The English working class soaps like Coronation Street and Eastenders were, like Neighbours, a reflection of their audiences’ dull lives but the comedies gleefully caricatured suburban life with their whining deadbeat occupants in cardigans drinking endless pints of beer or cups of tea.
There was Eddie Booth and his worker mates, of course, as well as the freeloading brother-in-law in On The Buses. The self-centred George Roper, torturer of his poor frisky wife Mildred, was the precursor to Homer Simpson with his bulbous head and thinning hair.

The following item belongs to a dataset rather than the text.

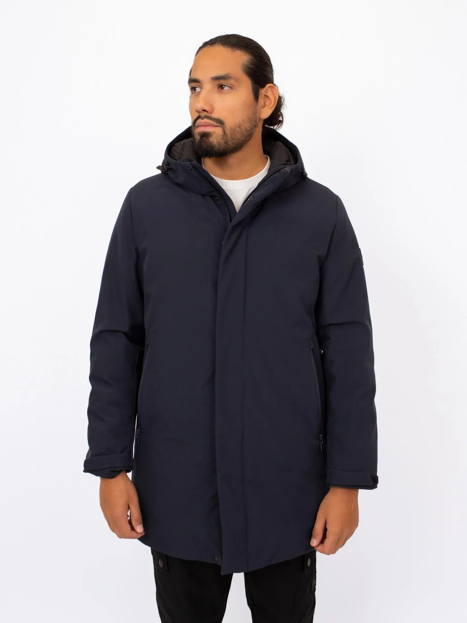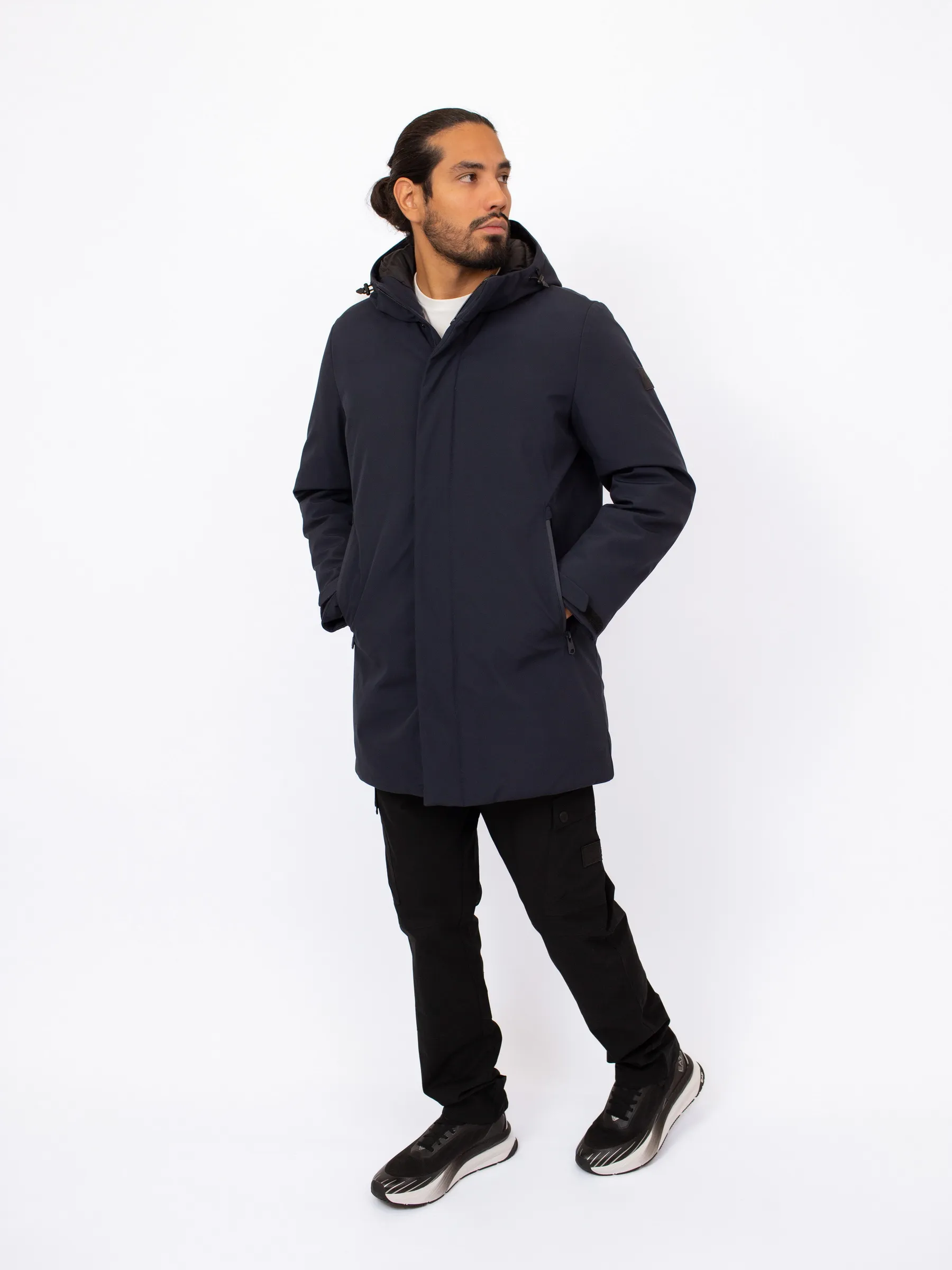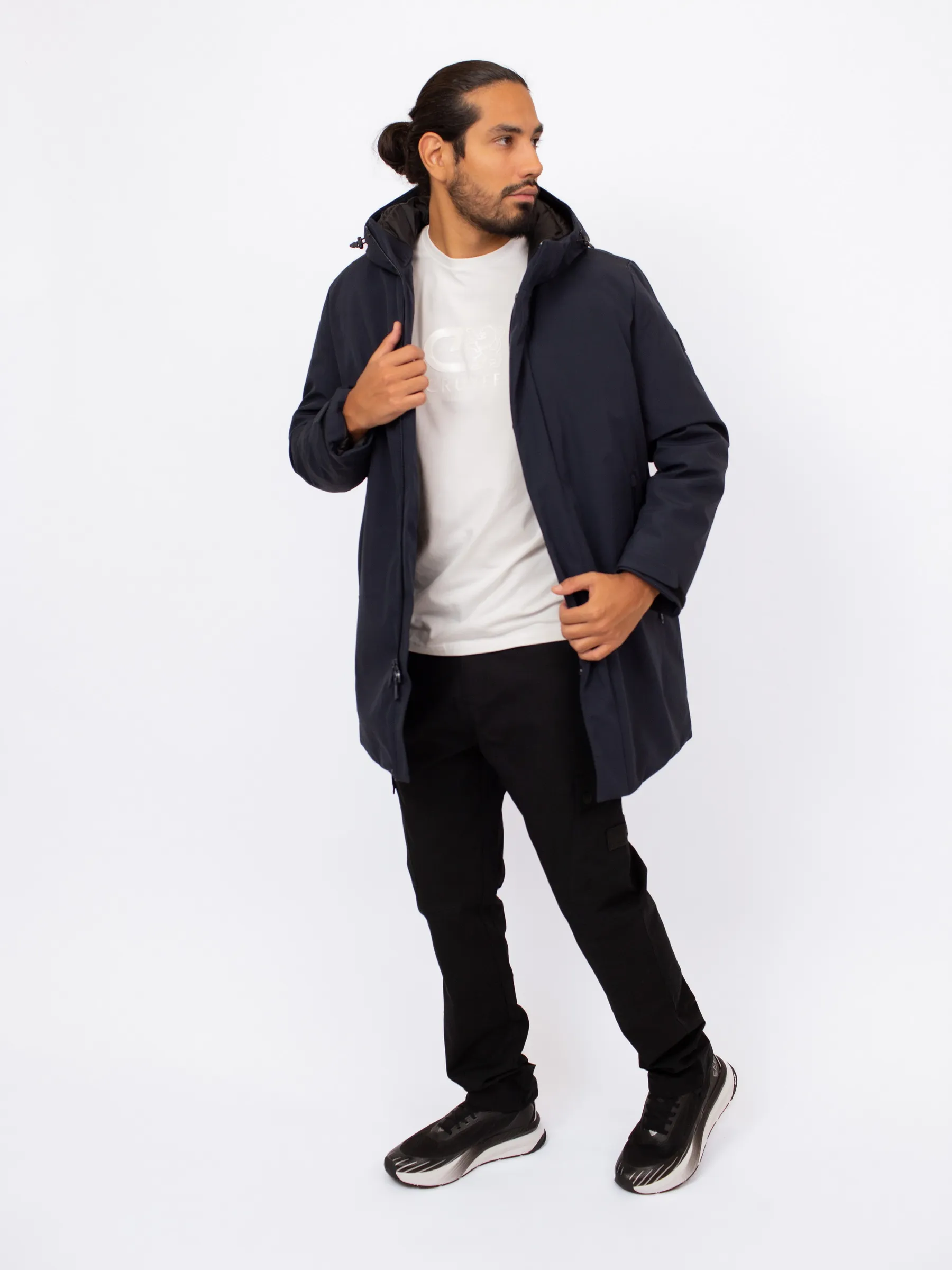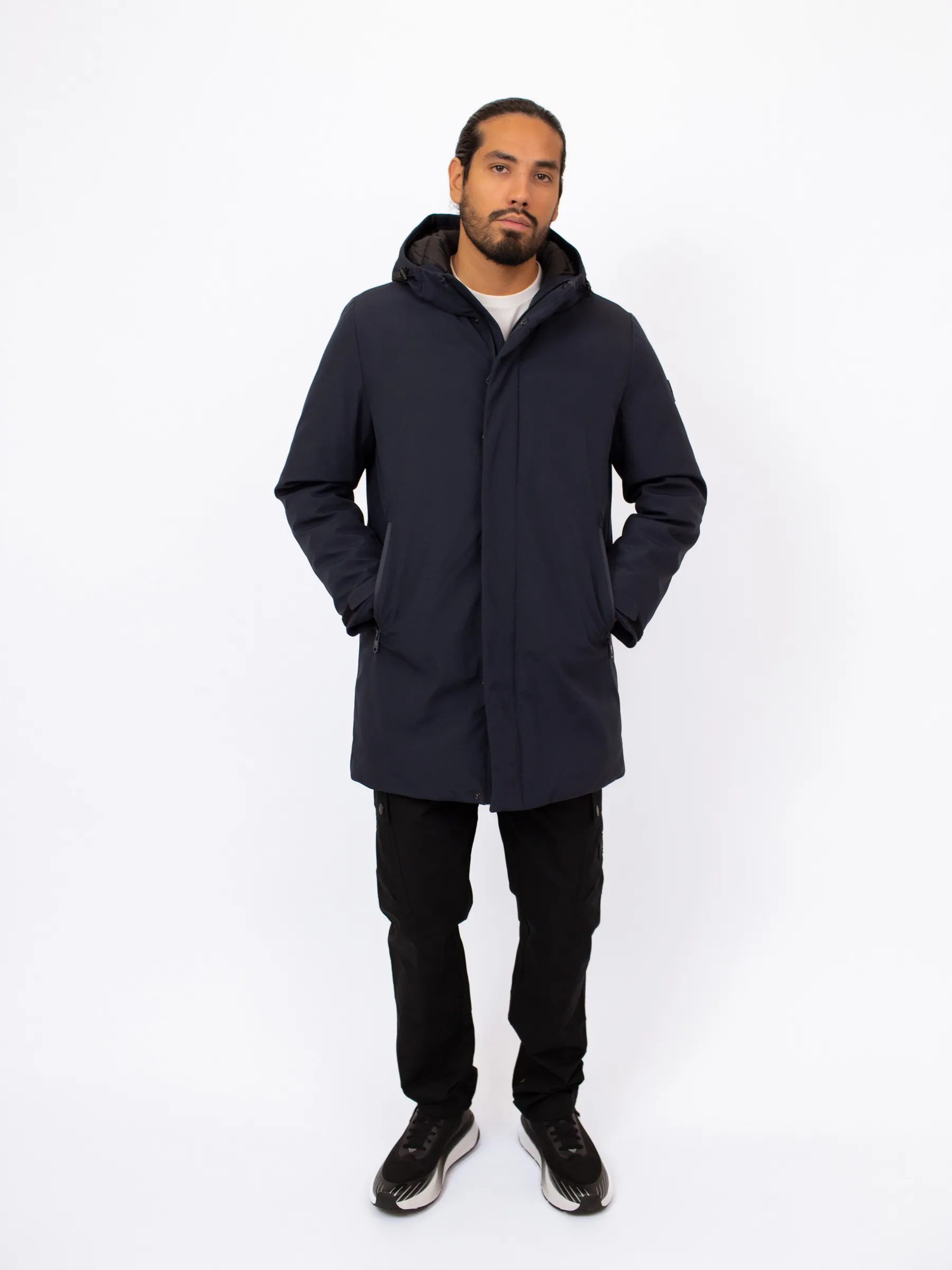 Мужская зимняя куртка с капюшоном DKNY длиной до середины бедра — тёплая и современная модель, идеально подходящая для холодного сезона. Утеплённый дизайн, функциональные детали и лаконичный стиль бренда делают её отличным решением для повседневных образов.

The wonderful awfulness of the mainly working class characters was complimented by the all-English smorgasbord of mismatched decor: tatty curtains, Victorian wallpaper, mod orange furniture, and Royal Albert teasets.
Man About The House was intended to be risqué because the English had a problem with a single man and two women sharing a flat but now it just seems sweet and innocent, set in an era when pubs were homely and a cookery student could afford to live in Earls Court.
The English certainly didn’t have a problem with unsubtle sexual suggestion as evidenced by the enormous success of the Carry On gang. The films, relying as they did on incessant innuendo and the comic facial features of the aforementioned Williams, and Charles Hawtrey , were not everyone’s cup of tea but the smut never spoiled the Angloid charm.
In Carry On Camping Sid Boggle, planning to whisk his unsuspecting girlfriend Esme Crowfoot off to a nudist camp, loads up the car in a street of quaint semi-detached homes. Hawtrey’s Charlie Muggins, pots and pans dangling from his backpack, clattters down country lanes while campers in shorts eat hard-boiled eggs, their breath visible in the frosty English air. In Carry On Loving the blue mist of London hovers enchantingly in the background.
It really has been an awfully long time since I watched an episode of Neighbours. I hear Toadie is still hanging around. I do wish someone from Lite n’ Easy would slip a dodgy prawn into his Fishermans Pie.